_Work instruction_
Transcribe the listing verbatim. Do not carry over any pictures.

======== Extracted entries ========

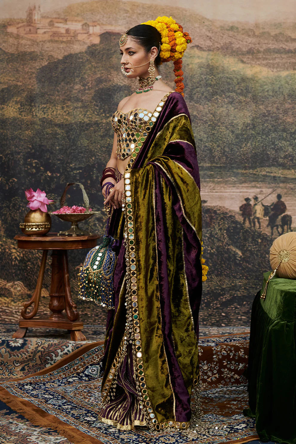 Velvet Olive and green panelled saree styled with mirror work corset blouse on gota lined with chanderi silk.
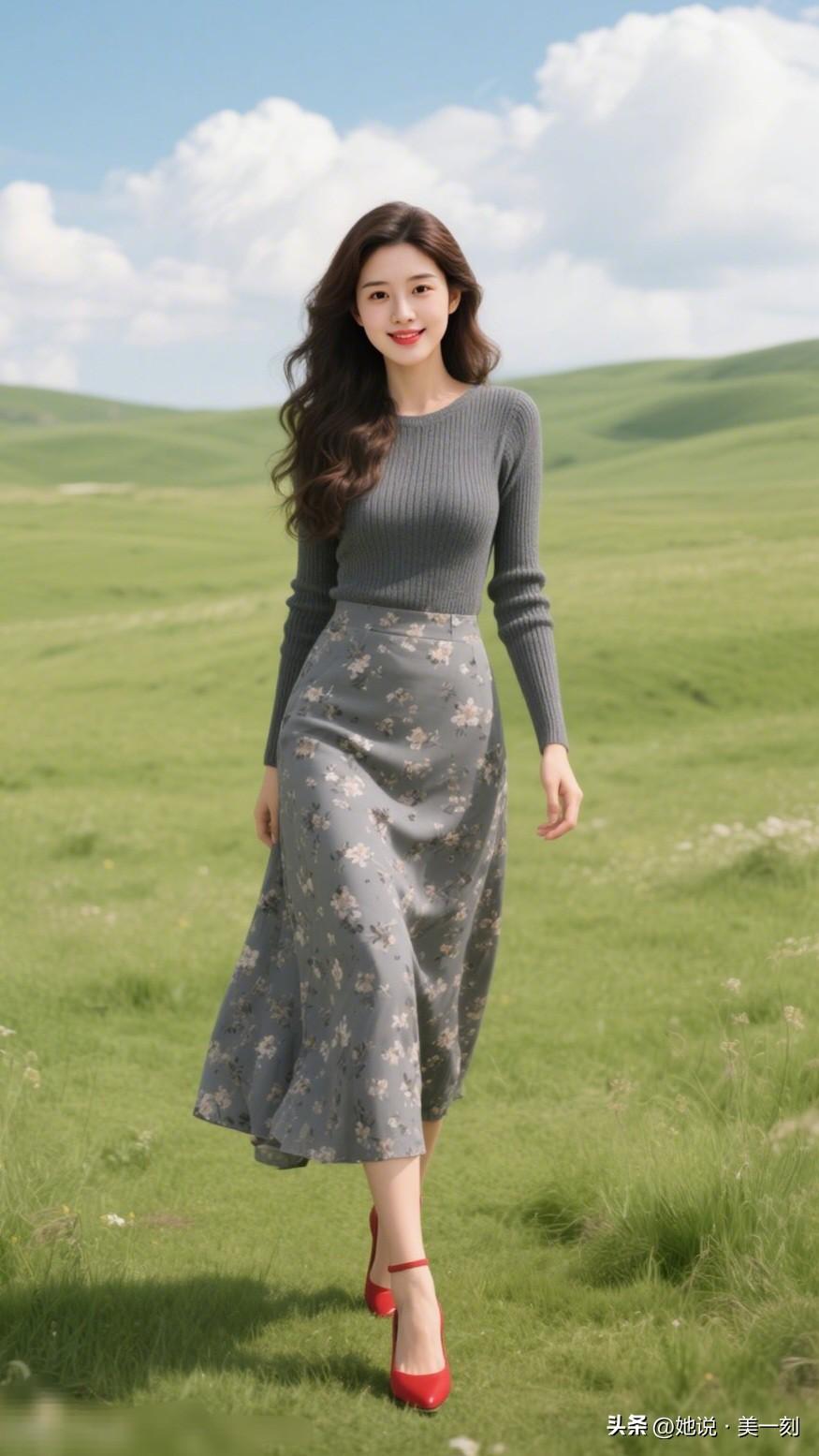 都市夜色下的优雅穿搭,黑色上衣配花卉长裙,手提包点缀,高跟鞋显气质。什么样的身材是完美身材
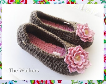 The Walkers (with soles) Home Shoes/Woman Shoes/Crochet Slippers with Flowers
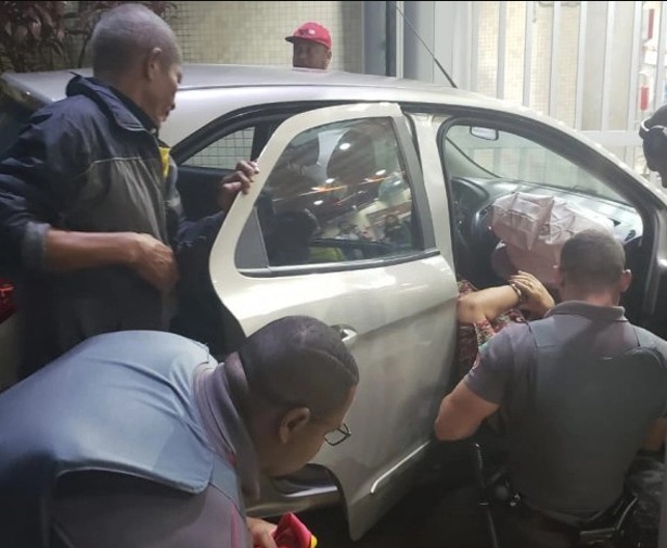 Ela ficou ferida e foi socorrida pelo Samu. Por sorte, eram 23h e não havia pessoas circulando pela escadaria. A motorista estava sozinha.
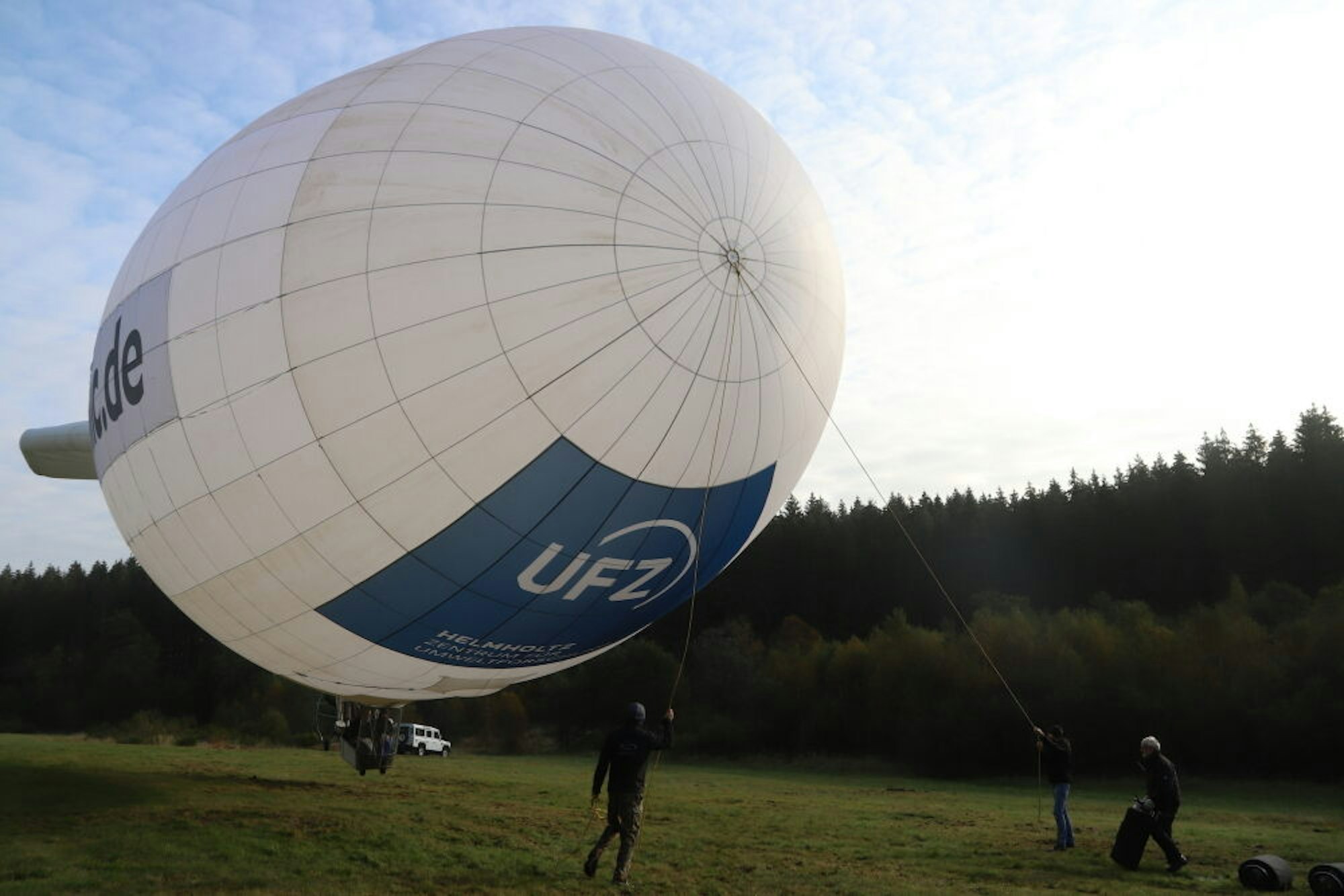 Doch plötzlich ist ein ungewohntes Geräusch zu hören. Ein Flappen, ein laufender Motor und immer wieder ein kräftiges Fauchen, das so gar nicht zu der friedlichen Szenerie passen will. Knapp über den Bäumen schiebt sich ein weißes Stoffungetüm über die Wipfel und schwebt langsam über das Tal. Ein Zeppelin ist über dem Waldstück unterwegs. Der Urheber des fremdartigen Schauspiels gibt sich durch ein großes Logo zu erkennen: UFZ – Helmholtzzentrum für Umweltforschung.
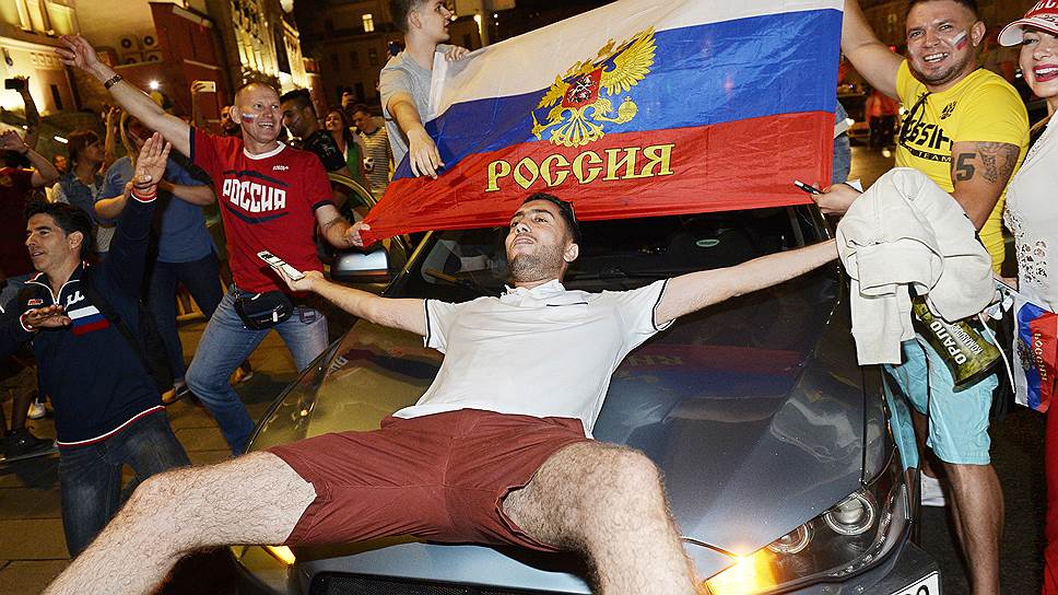 Болельщики отмечают победу футбольной сборной России в Нижнем Новгороде
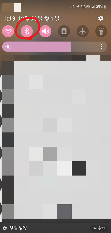이어폰을 착용한 다음 스마트폰에 블루투스를 활성화해 주세요. 블루투스 활성화 방법은 스마트폰 화면을 터치한 상태에서 아래로 내리면 설정 창이 열립니다.
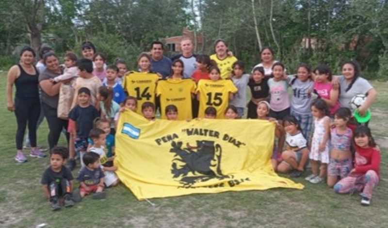 La Peña canaria “Walter Díaz” Mercedes (B) viene realizando distintos actos solidarios en la ciudad. El día jueves por la tarde, se hizo entrega de un conjunto de 16 camisetas de Flandria para la nueva escuelita de futbol femenino sub 12 denominadas «Las Toritas» del barrio Marchetti.
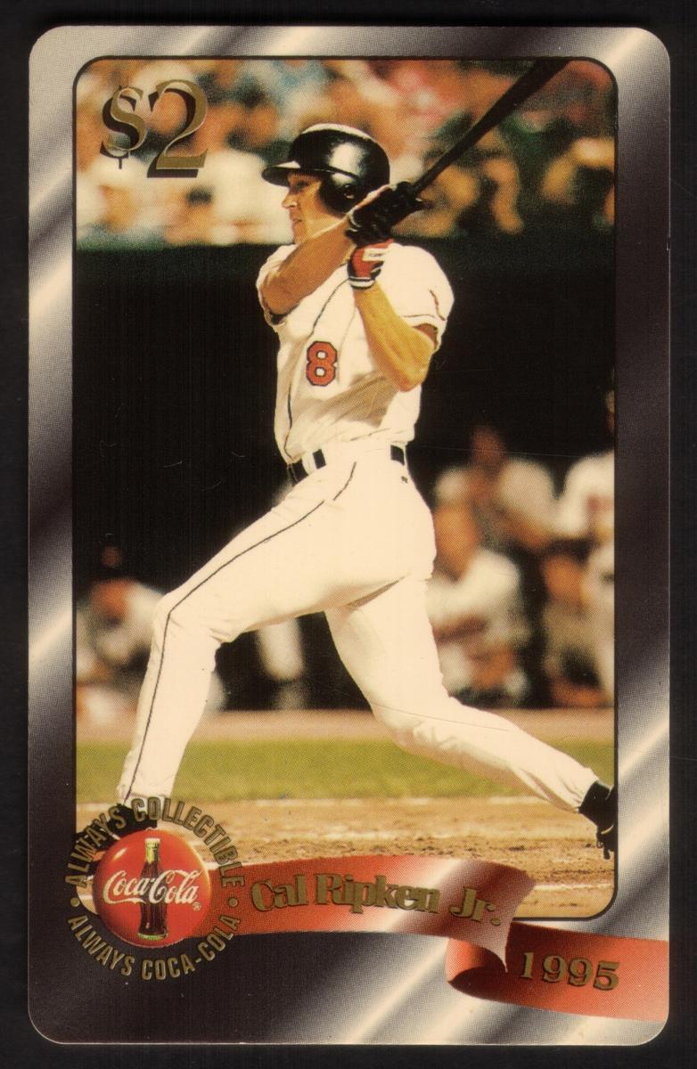 Cal Ripken Jr. is shown wearing a baseball uniform and holding a wooden baseball bat, captured mid-action as he prepares to bat. The background features a baseball field setting, but the exact stadium or location is not specified. The card's visual elements combine sports imagery with the iconic red and white Coca-Cola color scheme, emphasizing the marketing partnership between Major League Baseball and the Coca-Cola brand during that era.
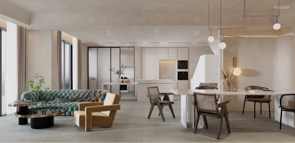 硬装部分用到了奶咖色微水泥效果即给人干净简约的感官也不会显得很冰冷
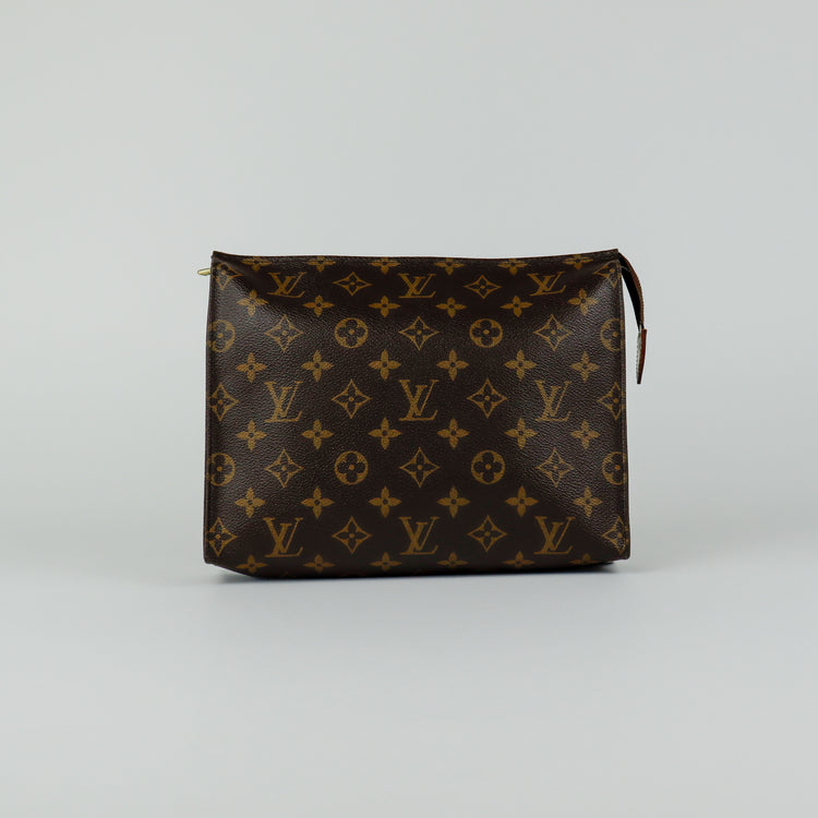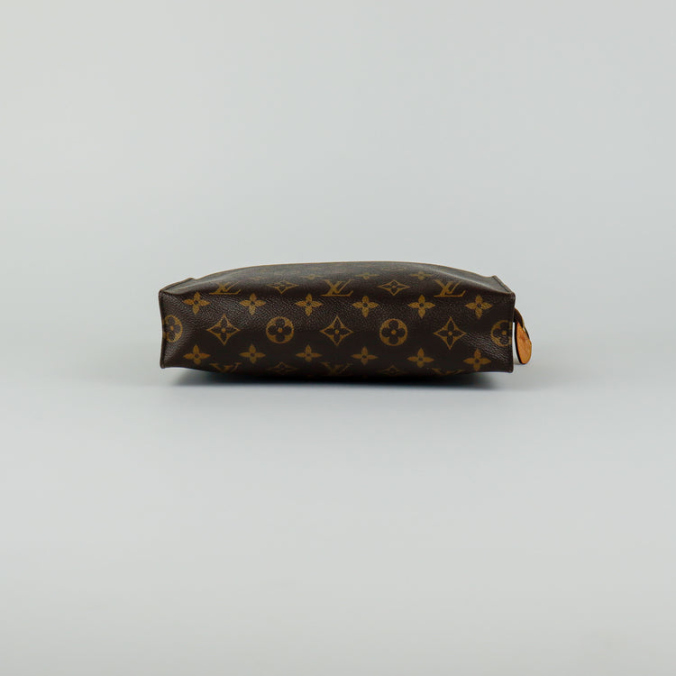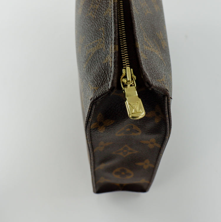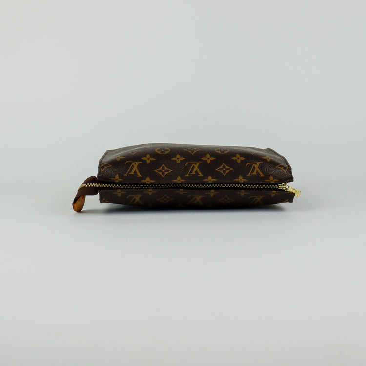 Mini bolso estilo cosmetiquera de la marca Louis Vuitton, confeccionado en lona monogram con cierre de cremallera, maltratado por dentro.
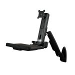 The StarTech.com WALLSTS1 desktop sit-stand workplace features a sleek, minimalist design with a matte black finish that complements modern office aesthetics. Its compact footprint and clean lines make it unobtrusive yet functional, blending effortlessly into diverse workspace environments. The sturdy build conveys reliability while maintaining an approachable, user-friendly interface for effortless height adjustments.

========

_Completed exercise_
 Velvet Olive and green panelled saree styled with mirror work corset blouse on gota lined with chanderi silk.
 都市夜色下的优雅穿搭,黑色上衣配花卉长裙,手提包点缀,高跟鞋显气质。什么样的身材是完美身材
 The Walkers (with soles) Home Shoes/Woman Shoes/Crochet Slippers with Flowers
 Ela ficou ferida e foi socorrida pelo Samu. Por sorte, eram 23h e não havia pessoas circulando pela escadaria. A motorista estava sozinha.
 Doch plötzlich ist ein ungewohntes Geräusch zu hören. Ein Flappen, ein laufender Motor und immer wieder ein kräftiges Fauchen, das so gar nicht zu der friedlichen Szenerie passen will. Knapp über den Bäumen schiebt sich ein weißes Stoffungetüm über die Wipfel und schwebt langsam über das Tal. Ein Zeppelin ist über dem Waldstück unterwegs. Der Urheber des fremdartigen Schauspiels gibt sich durch ein großes Logo zu erkennen: UFZ – Helmholtzzentrum für Umweltforschung.
 Болельщики отмечают победу футбольной сборной России в Нижнем Новгороде
이어폰을 착용한 다음 스마트폰에 블루투스를 활성화해 주세요. 블루투스 활성화 방법은 스마트폰 화면을 터치한 상태에서 아래로 내리면 설정 창이 열립니다.
 La Peña canaria “Walter Díaz” Mercedes (B) viene realizando distintos actos solidarios en la ciudad. El día jueves por la tarde, se hizo entrega de un conjunto de 16 camisetas de Flandria para la nueva escuelita de futbol femenino sub 12 denominadas «Las Toritas» del barrio Marchetti.
 Cal Ripken Jr. is shown wearing a baseball uniform and holding a wooden baseball bat, captured mid-action as he prepares to bat. The background features a baseball field setting, but the exact stadium or location is not specified. The card's visual elements combine sports imagery with the iconic red and white Coca-Cola color scheme, emphasizing the marketing partnership between Major League Baseball and the Coca-Cola brand during that era.
 硬装部分用到了奶咖色微水泥效果即给人干净简约的感官也不会显得很冰冷
 Mini bolso estilo cosmetiquera de la marca Louis Vuitton, confeccionado en lona monogram con cierre de cremallera, maltratado por dentro.
 The StarTech.com WALLSTS1 desktop sit-stand workplace features a sleek, minimalist design with a matte black finish that complements modern office aesthetics. Its compact footprint and clean lines make it unobtrusive yet functional, blending effortlessly into diverse workspace environments. The sturdy build conveys reliability while maintaining an approachable, user-friendly interface for effortless height adjustments.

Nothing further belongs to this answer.